Christmas is not ruined by honest preaching that calls us to repent or by strong fathers who love their families enough to bring them to that place where this preaching takes place. Christmas is ruined by people who think today is more important than eternity, that you have to get your own way in order to be happy, that you have to hide behind a mask in order to get along, or that you have to act like you are good to go in yourself and do not need anyone’s help. Jesus has not come to give prizes to the perfect family. Every family is dysfunctional. Every family is a mess. Every one of us is weak in the face of temptation. Everything that is not of God in this world is evil. But the Baby born in the manger has come for just that – for people who need help, for sinners who love evil more than good, for families which are a mess, and for those who wear a mask in public to cry at home alone.
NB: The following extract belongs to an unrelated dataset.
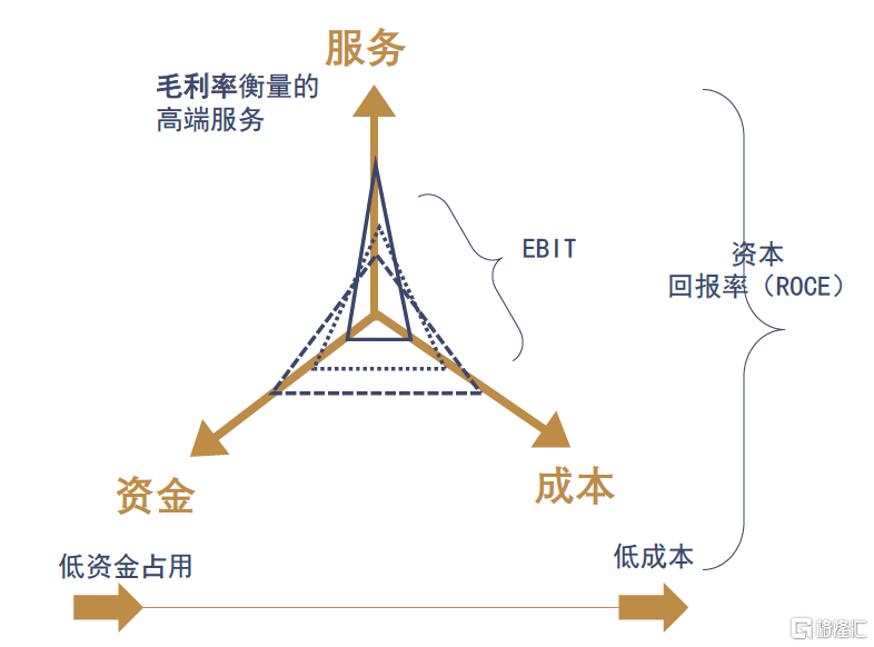 资料来源:Supply Chain Strategy and Financial Metrics. The Supply Chain Triangle of Service, Cost and Cash(Prof. dr. Bram,2017),中金公司研究部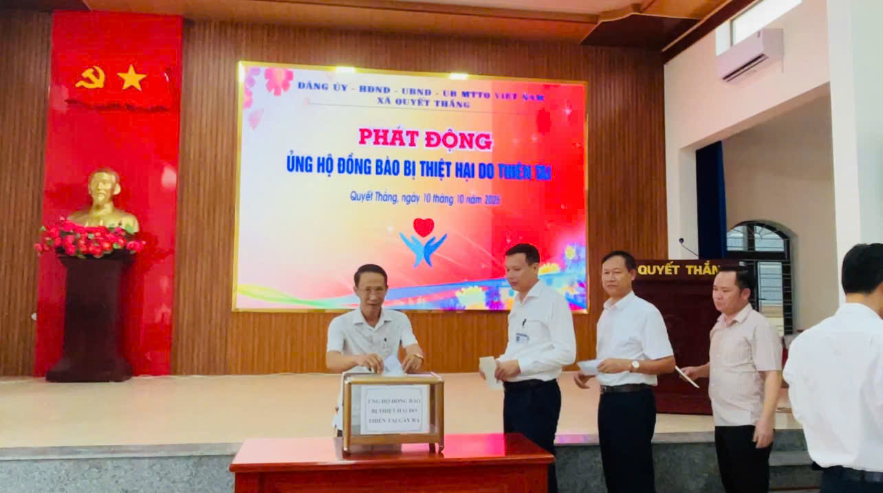 Ngay sau lễ phát động, các đại biểu, cán bộ và nhân dân xã Quyết Thắng đã tích cực quyên góp ủng hộ, thể hiện tinh thần đoàn kết, tương thân tương ái, lan tỏa thông điệp “Lá lành đùm lá rách – Cùng nhau vượt qua thiên tai.”

Make your way straight to the Lord, without delay or detour. The Christ was born for you and He has been pleased to live and die for your sins. For every call to repentance, there is the promise of forgiveness. For everyone who admits they are vulnerable and need each other, there is comfort. Jesus is under no illusions about who we are or what we need. Christmas is not about memories or presents but about the Savior who came to us as one of us that He might take away our sins and the sins of the whole world. Amen.